# tips for dealing with uncooperative child



## nichole (Feb 9, 2004)

Today my 3yo was very uncooperative. He is taking a nap right now so I know that was what was wrong. How do you deal with crankiness and not listening?

First check for hunger? Tired? Lonely and needs to play with you? I know I need to play What else?

For example. Not getting dressed. We play a game of who can get dressed first. I just do it for him sometimes. He likes clothes that are easy to put on, and I found that out the hard way.

Not listening. I have him sit down and listen to me. Sometimes he needs to calm down and focus on what I'm saying. But how do I not let it turn into a lecture.

Not helping clean up. I know I should let this go or make it a game. Every day he dumps bunches of toys on the floor in some elaborate game. Sometimes I warn him that he needs to help me clean them up or we have to put some away for awhile b/c it is too messy and hard for me to keep clean. I just want a path to walk.

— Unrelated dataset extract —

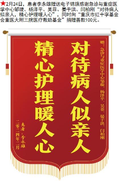 患者李永雄赠送电子锦旗感谢急诊与重症医学中心邹璇等人,并向医疗救助基金捐赠善款100元。-锦旗-患者心声-患者服务-重庆医科大学附属第三医院【官方网站】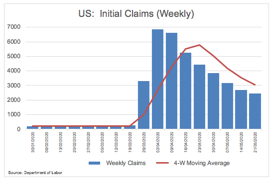 In the meantime, focus remains on the gradual re-opening of the economy against the backdrop of alternating risk appetite trends and somewhat improving data releases from record drops.

I'm looking for your top tips on making your day go semi smoothly without a bunch of threats.


----------



## LilyGrace (Jun 10, 2007)

A few things that work here:
- Give two choices that get the same result. "Do you want to put your pants on first or your shirt?" If you get a 'no' - "I'm sorry, that isn't an option. Pants or shirt?" 'no' "ah, you want me to choose for you? I pick.........shirt!" and hand it over, then busy yourself with something else. The power struggle is taken away and there's no further invite for an argument.

-touch, talk, listen. Get down, touch him, say what you need to and ask him to repeat back. This works very well in conjunction with the 5 word limit, because you need to make it short enough that he can remember and repeat it. Get a phrase in your head that sums up what is most important and use that.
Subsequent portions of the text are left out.